Safety: Suleman et al 2023 analysed the toxicity of BR (n = 2032) in comparison with R-CVP/R-CHOP treatment (n = 2032). BR was associated with higher incidences of hospital admissions for infection during an initial nine-month induction period (21.9% for BR versus 17.3% for R-CVP/R-CHOP; p < 0.01) and during the first three years (41.2% for BR versus 33.6% for R-CVP/R-CHOP; p < 0.01). BR was also associated with a higher mean number of emergency department visits during the initial nine months (1.01 ± 1.68 visits for BR versus 0.85 ± 1.51 visits for R-CVP/R-CHOP; p < 0.01). Over a three-year period, BR patients on maintenance therapy were more likely to be admitted for infection (37.9% for BR versus 31.5% for R-CVP/R-CHOP; p < 0.01). For both first line and maintenance therapy BR was associated with fewer admissions for neutropenia and febrile neutropenia than R-CVP/R-CHOP. 

Cost-effectiveness: No relevant cost-effectiveness analyses were identified in the repeat literature search.

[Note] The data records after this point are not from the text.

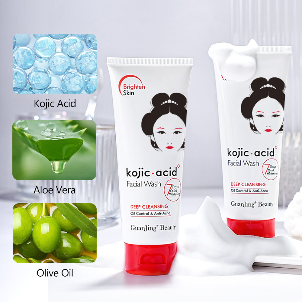 La Serie GuanJing Ácido Kójico 7 Días Blanqueamiento Rápido es una solución integral para el cuidado facial y corporal desarrollada para mercados con alta demanda de efectos visibles de aclarado, tono uniforme y hidratación. Basada en el ácido kójico, un ingrediente ampliamente reconocido por sus propiedades aclarantes, la serie integra limpieza, tratamiento, protección y cuidado corporal en un sistema unificado de blanqueamiento.
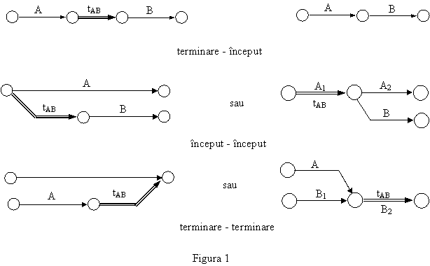 de tip 'terminare - inceput'. Acest tip este cel mai frecvent intalnit si spunem ca o activitate A precede activitatea B printr-o interdependenta de tip 'terminare - inceput' daca activitatea B nu poate incepe decat dupa un interval de timp tAB de la terminarea activitatii A. Acest interval poate fi egal si cu zero, caz in care spunem ca activitatea A precede direct activitatea B;
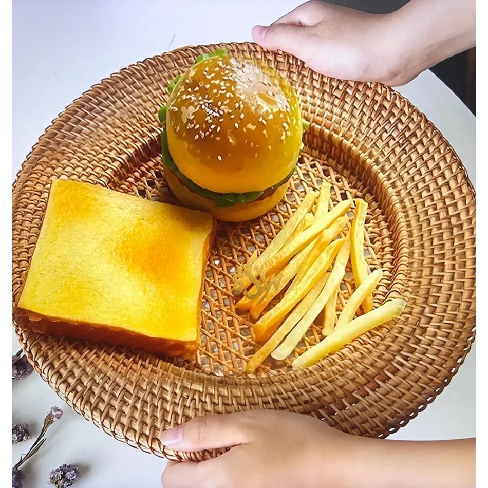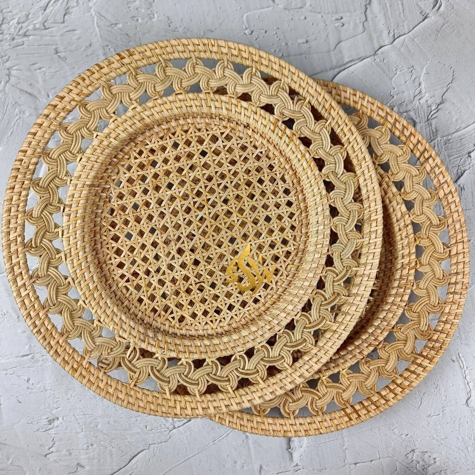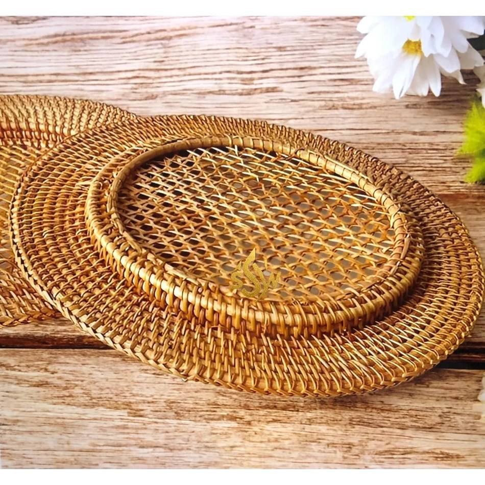 จานหวายสำหรับใส่อาหารจานเสิร์ฟอาหารจานหวายสำหรับเครื่องครัวโต๊ะ
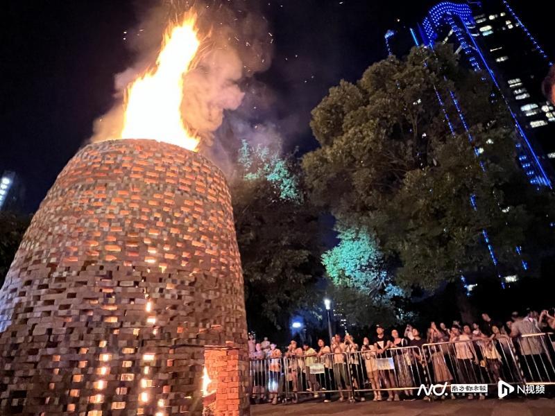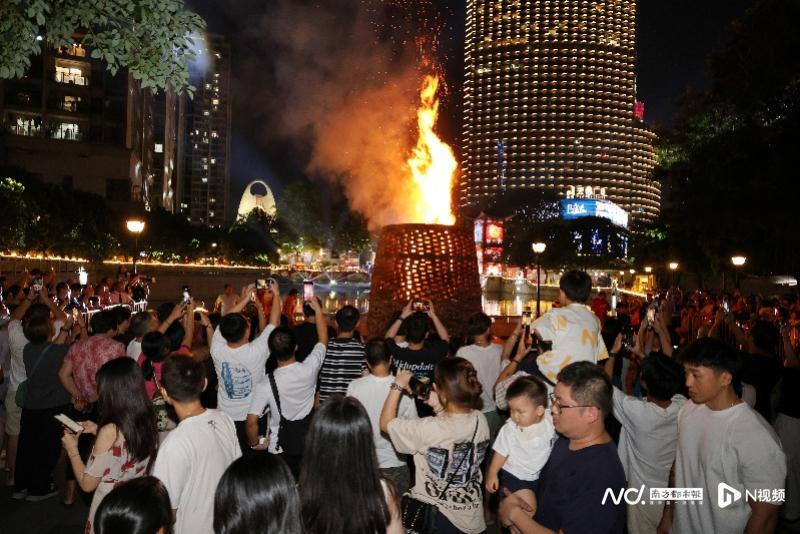 20:30,随着村民们一轮轮添加木糠,番塔终于熊熊燃起。火苗迅速攀升,直冲十几米高,引得现场上千名围观市民一阵阵欢呼。火光、城市景观灯色以及猎德村旁商业区高楼大厦的玻璃幕墙交相辉映,构成了一幅现代与传统交织的美丽画卷。
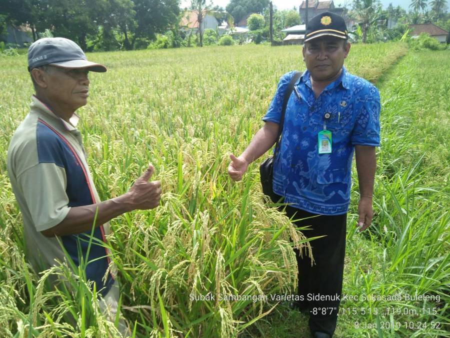 Selasa, 8/1/2019, Kasi Perbenihan dan Perlindungan Tanaman Pangan Dinas Pertanian Kabupaten Buleleng melaksanakan kegiatan pengamatan Padi Varietas Sidenuk di Subak Sambangan, Desa Sambangan, Kecamatan Sukasada, dengan tujuan untuk mengetahui produksi atau produktivitas padi sidenuk.
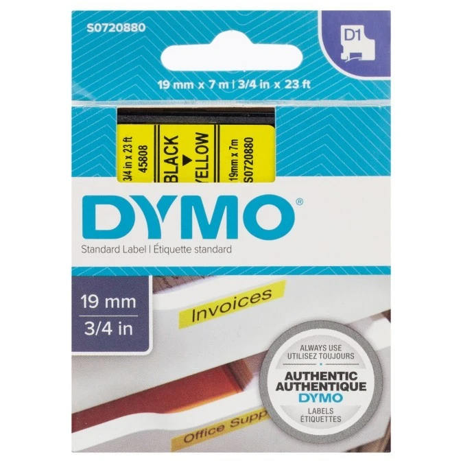 Taśma DYMO D1 Standard 19mm x 7m (żółta / czarny nadruk) [45808 / S0720880] ORYGINALNA

Budget impact: [CONFIDENTIAL DATA REMOVED] This is much lower than the original numbers estimated but there are more health technology-assessed treatment options available for indolent lymphoma since the original assessment in 2017. No further information on patient numbers has been provided on which to assess the budget impact. 

Impact on health and social care services: Minimal. 

Patient outcome data: AWTTC has been provided with data for [CONFIDENTIAL DATA REMOVED]. 

Evaluation of evidence: The clinical evidence presented supports the current use of bendamustine with rituximab as a treatment option in line with the current One Wales decision. [Confidential text removed]. Bendamustine in combination with rituximab for the treatment of indolent lymphomas should only be used in circumstances where other licensed and health technology appraisal-approved regimens are unsuitable. 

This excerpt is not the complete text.